PI: Volkan Vural, Kyle Marcus
Institution: University of California, San Diego
Our goal is to schedule pieces of a workflow in a smart way such that they take advantage of different cloud architectures. To start our investigation we have selected our Kubernetes cluster called Nautilus in order to collect metrics for workflow jobs and build a smart scheduler for. Nautilus is a collection of GPU processing nodes within NSF CHASE-CI. NSF CHASE-CI is a network of fast GPU appliances for machine learning and storage managed through Kubernetes on the high-speed Pacific Research Platform (PRP). Our first task was to identify the necessary metrics that provide utilization information over the resources allocated to a job. These metrics will be then used as inputs for training machine learning models to predict resource utilization. We have identified 57 metrics that are pulled from Prometheus that is a toolkit for monitoring Kubernetes. These metrics are dealing with cpu, memory, disk, and network usage. On top of these existing metrics, we also created a script that runs a set of simple operations and measures the time it takes to complete them. These time measurements are collected to indicate the contention level in resources allocated to containers. The metrics that are collected are at container level and a single job can be run over multiple containers. Therefore, we also created aggregated container metrics to find overall resources utilized by a specific job run over multiple containers. We then designed a JSON schema to store the collected data in MongoDB.
We then designed an interface to create and execute workflows and jobs that will be used for data collection purposes. The process starts with the execution of a job and continues with data collection until the collected data is saved in MongoDB, which is fully automated.
Finally, we also designed an early prototype of machine learning model to predict resource utilization on dummy datasets. However, with the collection of real data sets, we will update this model.
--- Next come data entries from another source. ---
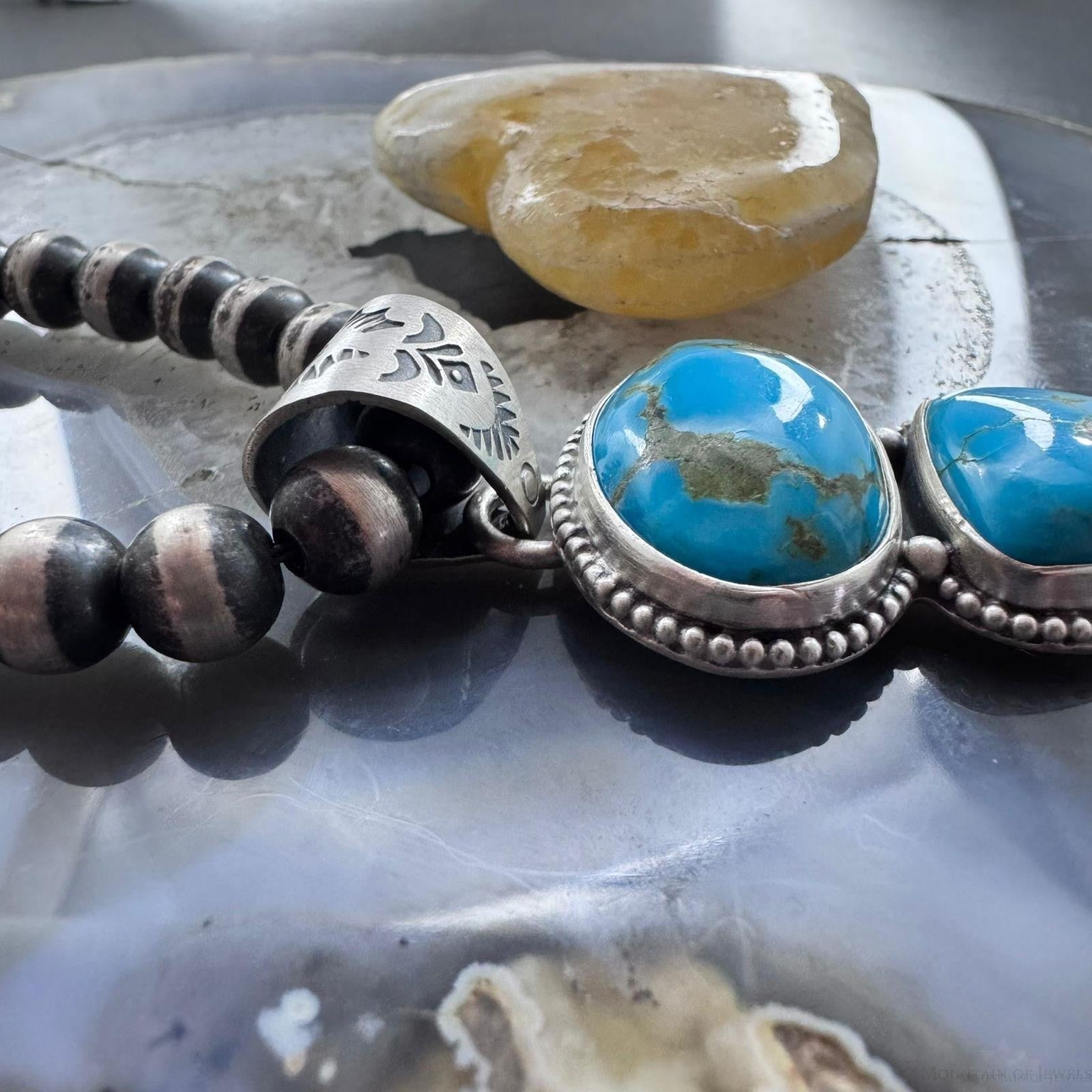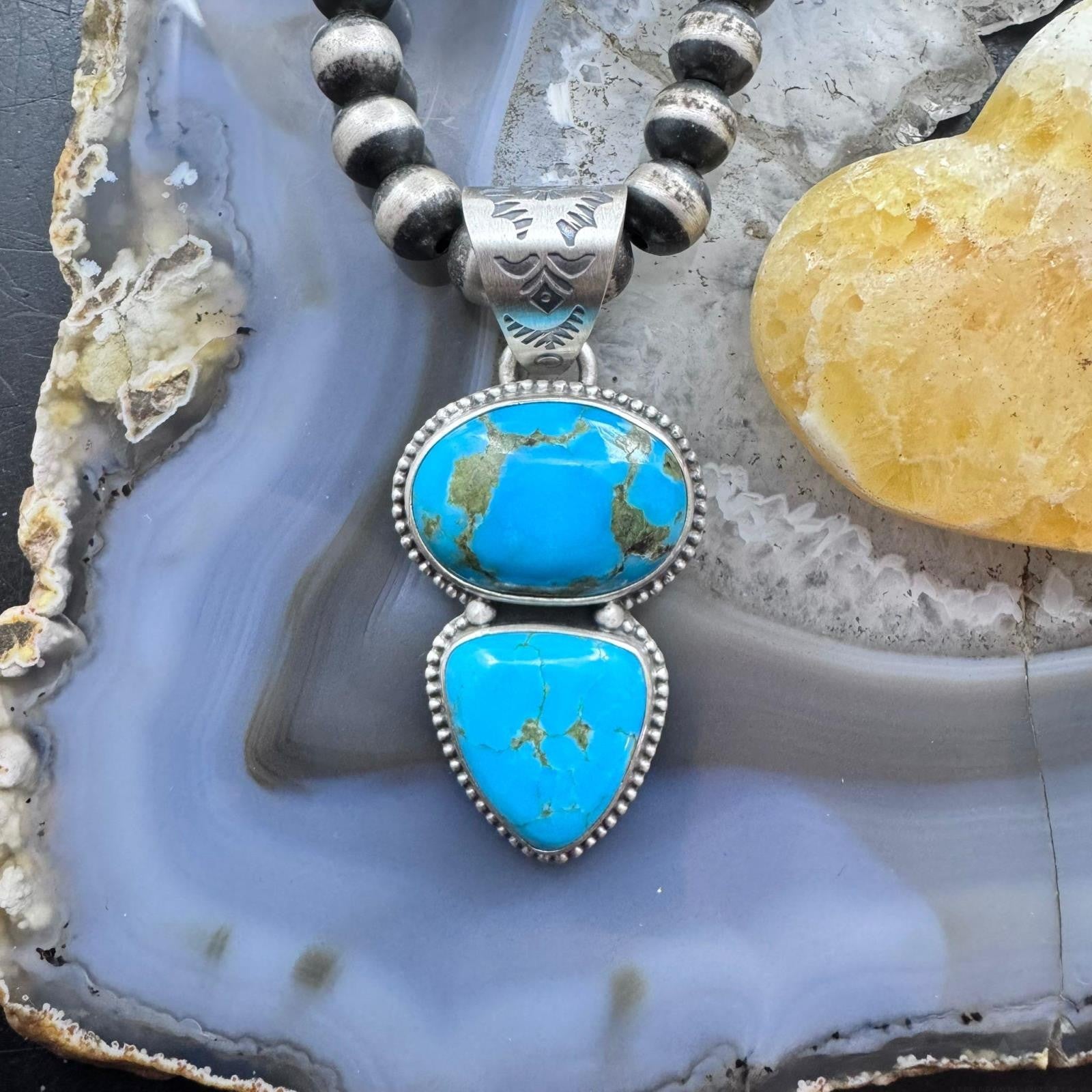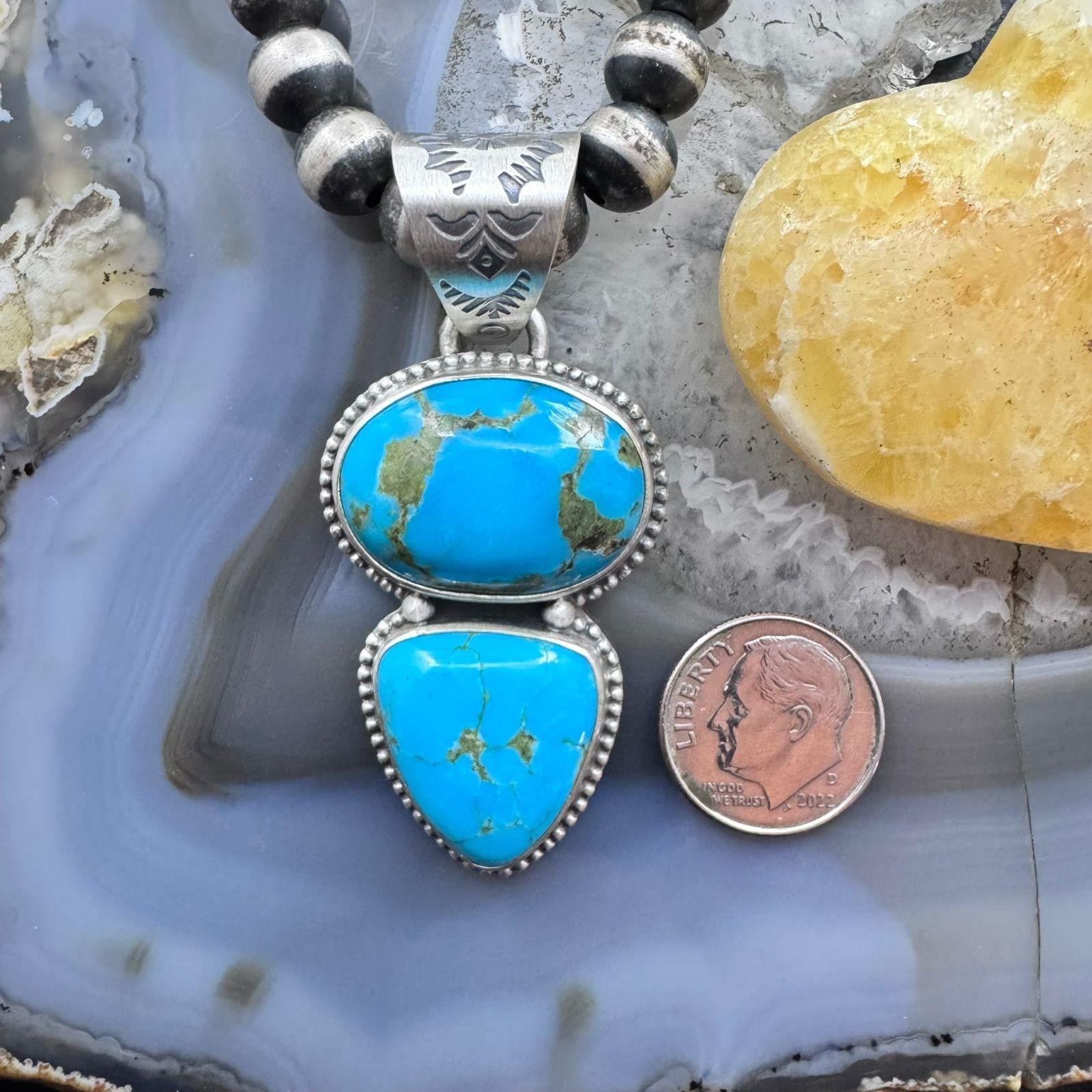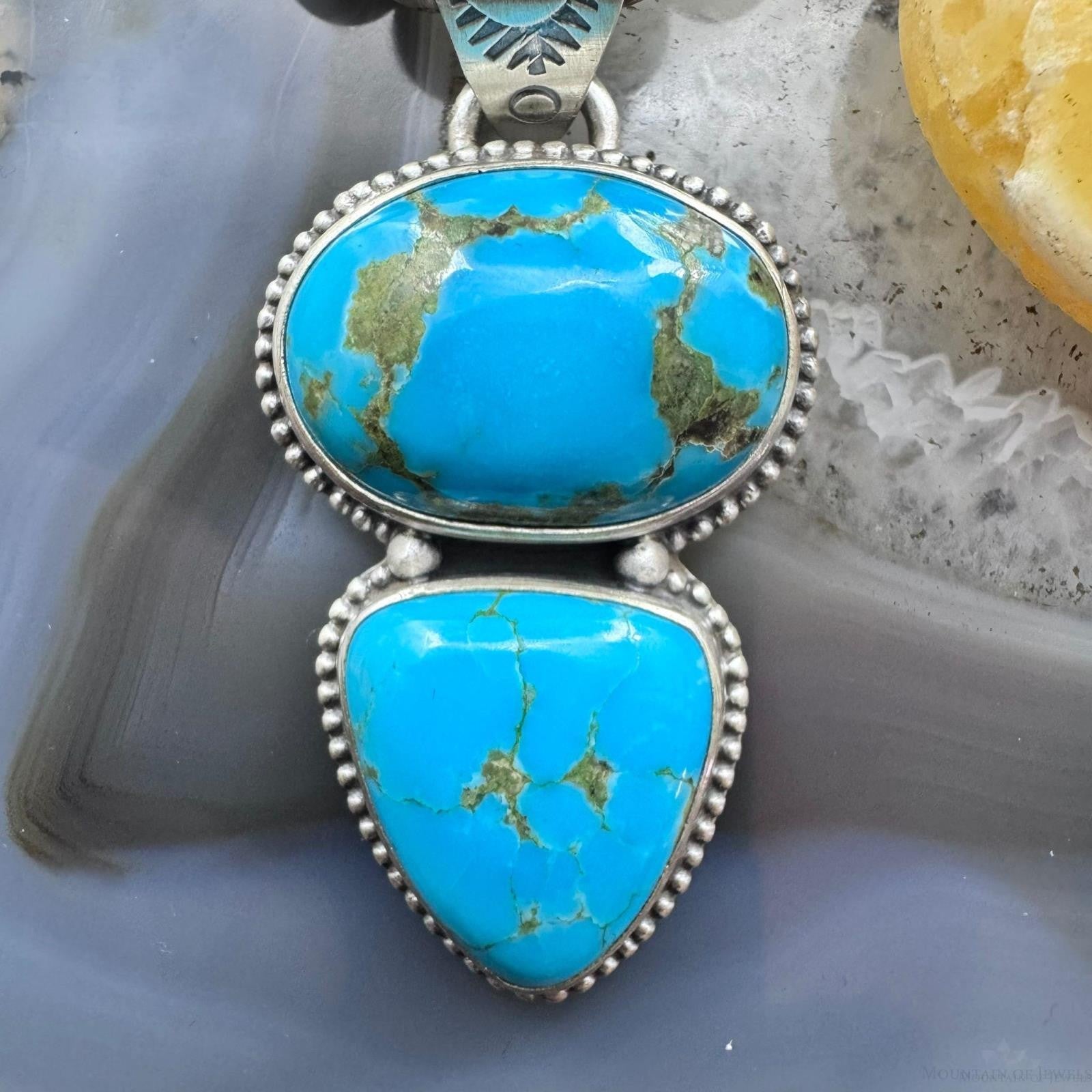 Native American Sterling Silver 2 Turquoise Decorated Pendant For Women
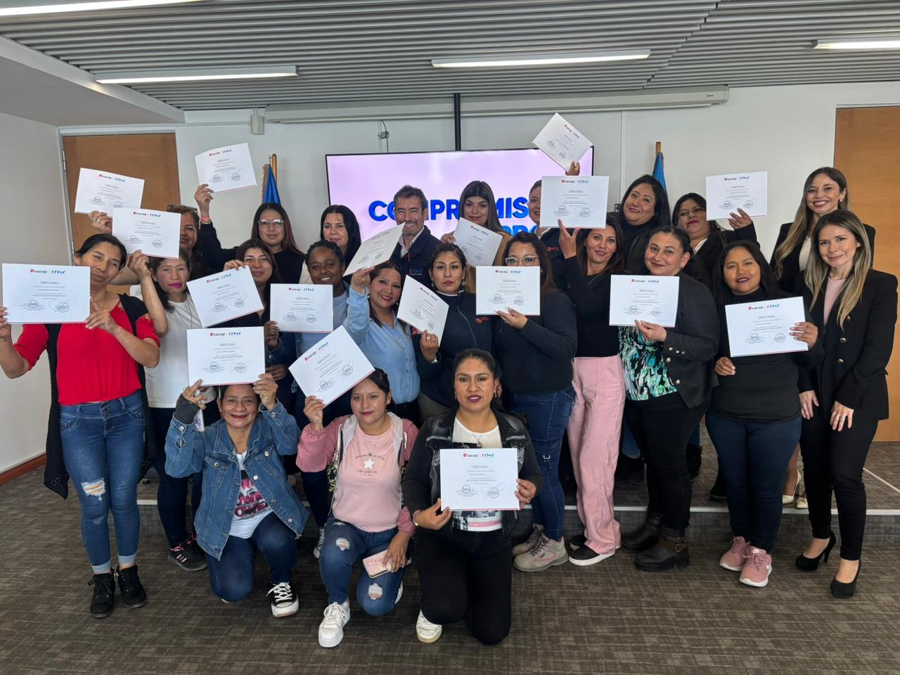 Durante la ceremonia de cierre participaron Jorge Rueda Vaché, vicepresidente gremial; Tania Etcheverry Palma, presidenta de la Comisión de Mujeres; Paula Tejeda Águila, gerenta regional de la CChC Tarapacá; Jenniffer Calderón Naranjo, representante de EBCO; Jocelyn Castro Bastías, representante de ACL; y las 19 trabajadoras que culminaron el curso.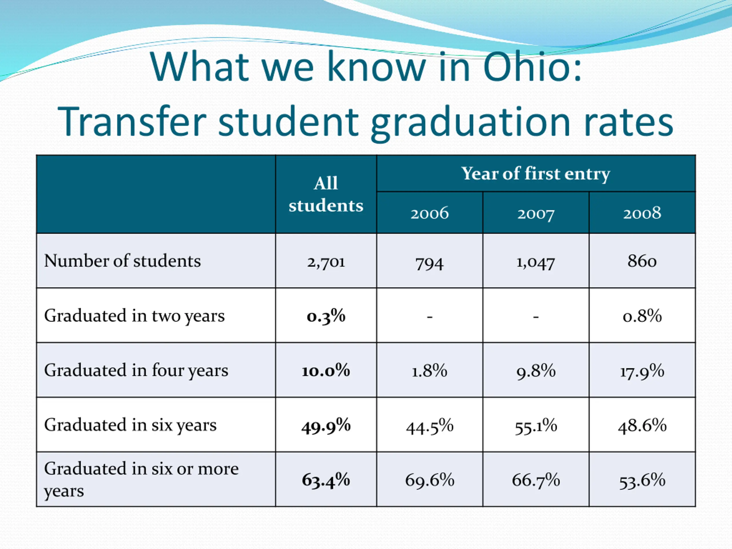 What we know in Ohio: Transfer student graduation rates Year of first entry All students 2006 2007 2008 Number of students 2,701 794 1,047 860 Graduated in two years 0.3% - - 0.8% Graduated in four years 10.0% 1.8% 9.8% 17.9% Graduated in six years 49.9% 44.5% 55.1% 48.6% Graduated in six or more years 63.4% 69.6% 66.7% 53.6%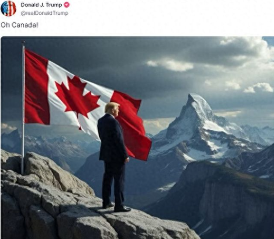 特朗普上台之后,或将吞并加拿大! 誓言“让美国再次强大”的特朗普,上台后或将吞并加拿大。 日前,特朗普发布一张AI生成的照片。照片中,他站在山巅的一块巨石上俯瞰群山,旁边有一面加拿大国旗。他还配文“哦,加拿大!”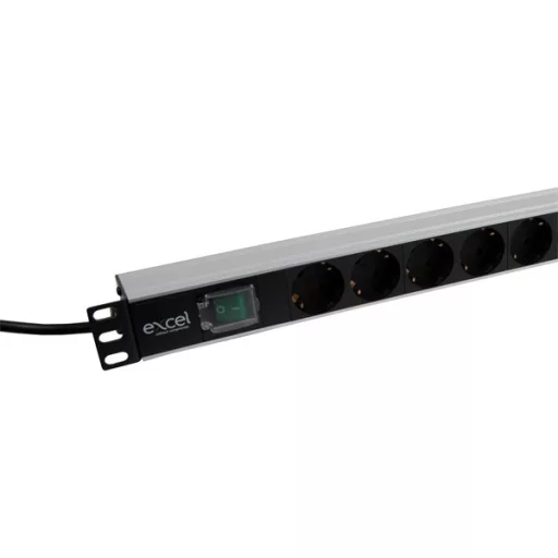 EXCEL Rackbe szerelhető Elosztó 8xSCHUKO kapcsolóval, 2 méteres vezeték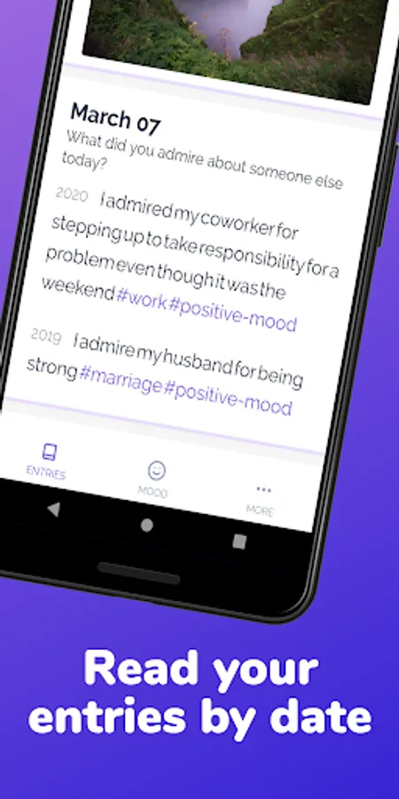 🟣Tag and filter entries. Want to see all your posts about family? Just add the tag #family and you will easily be able to see them all in one place.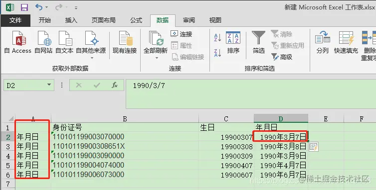 Excel 2016 智能提取与合并 潇凝子潇 2022-11-07 118 阅读1分钟 本文已参与「新人创作礼」活动,一起开启掘金创作之路。 1.插入带年月日的生日 编辑 2.插入一列插入年月日 在D列中写入一条 1990年3月7日 选中改列Ctrl+e 快速填充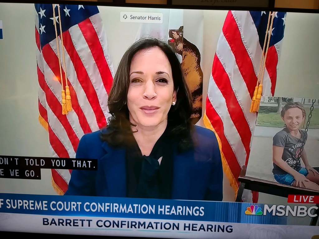 On this day we are also watching the confirmation hearing of Judge Amy Coney Barrett in the Senate Judiciary Committee. Participating in those hearings, Senator Kamala Harris, Democratic candidate for Vice President of the United States. So much of what we care about is at stake here.
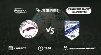 Για την 16η αγωνιστική της Α’ κατηγορίας (Β’ όμιλος) η Α.Ε Κως υποδέχεται τον Διγενή Κοσκινού στο παλιό γήπεδο Ανταγόρας. Παρακολουθήστε το ματς σε Live Streaming απ’ το giafkasports.gr.
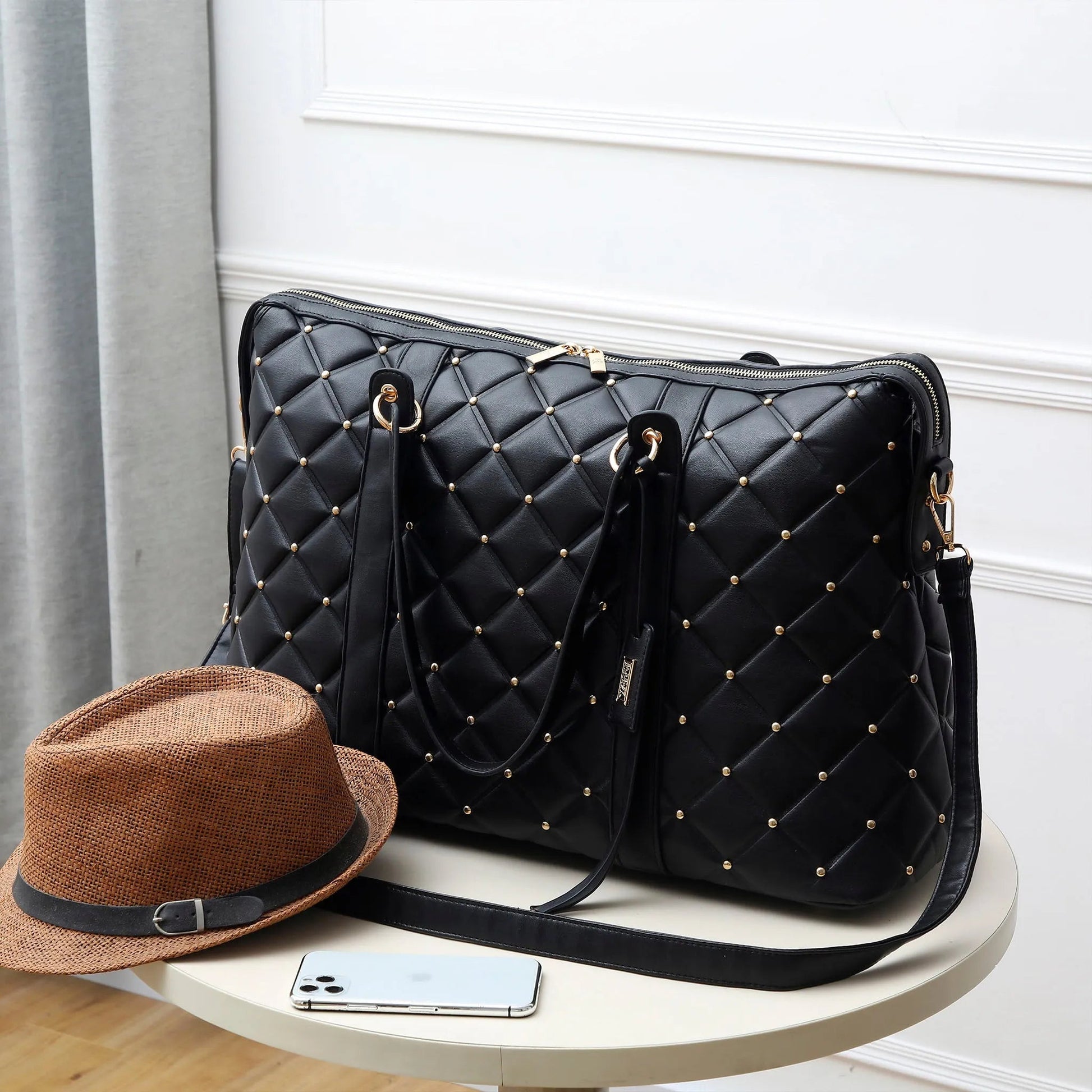 Diamond Quilted Vegan Leather Weekender Tote Bag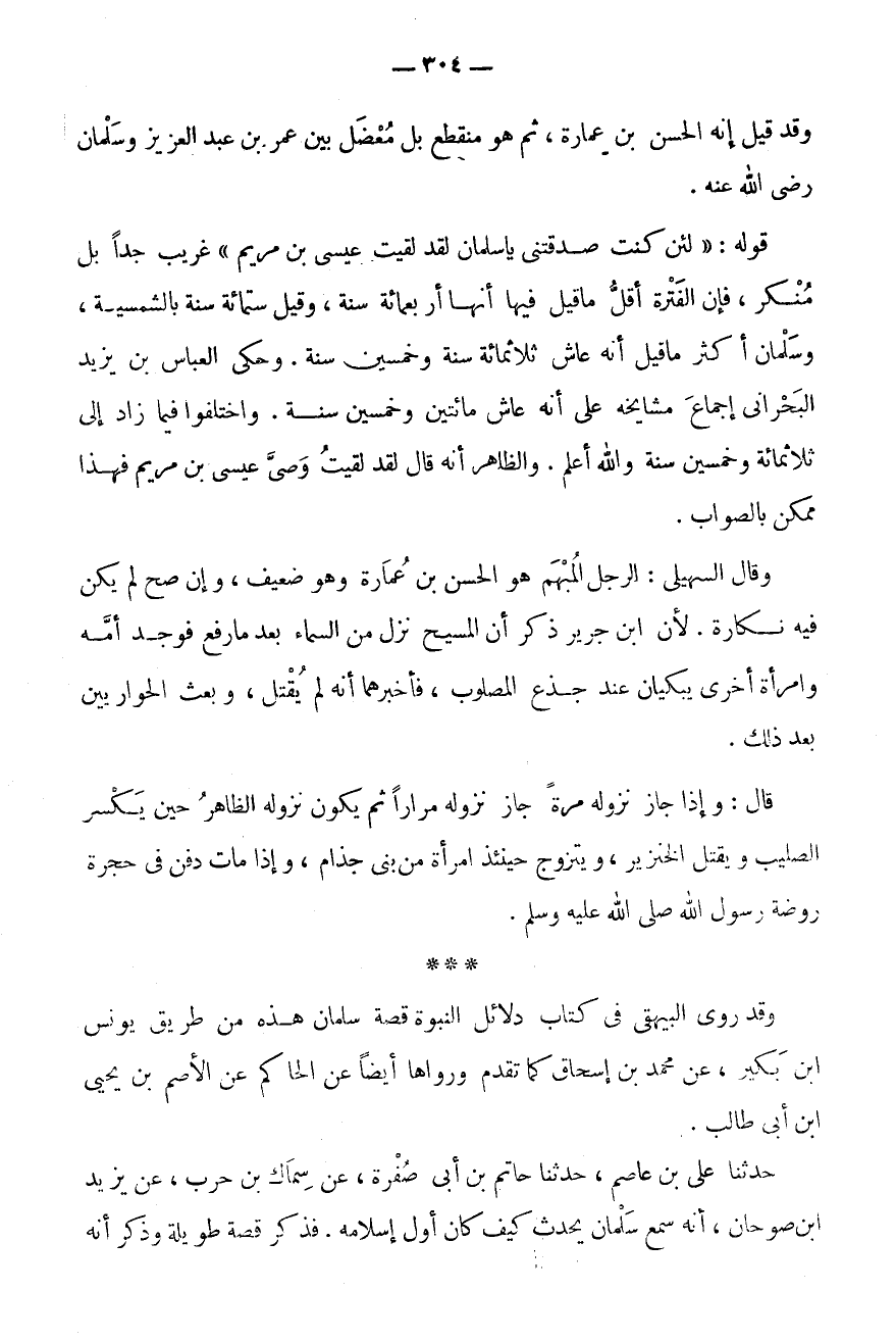 قَوْله: " لَئِنْ كُنْتَ صَدَقْتَنِي يَا سَلْمَانُ لِقَدْ لَقِيتَ عِيسَى بن مَرْيَمَ " غَرِيبٌ جِدًّا بَلْ مُنْكَرٌ، فَإِنَّ الْفَتْرَةَ أَقَلُّ مَا قِيلَ فِيهَا أَنَّهَا أَرْبَعُمِائَةِ سَنَةٍ، وَقِيلَ سِتُّمِائَةِ سَنَةٍ بِالشَّمْسِيَّةِ، وَسَلْمَانُ أَكْثَرُ مَا قِيلَ أَنَّهُ عَاشَ ثَلَاثَمِائَةِ سَنَةٍ وَخَمْسِينَ سَنَةً.

As a next task we plan to extract job metrics in Pandas with Python to turn the collected metric data to features to be used in machine learning model. Also we will integrate the contention data collector script to our process. Once our infrastructure is finalized, we will run our data collection process on the PNNL cluster as well. Our final goal is to design a smart scheduler that will optimize the resource utilization for a given list of jobs and resources and finish these jobs in the minimum amount of time.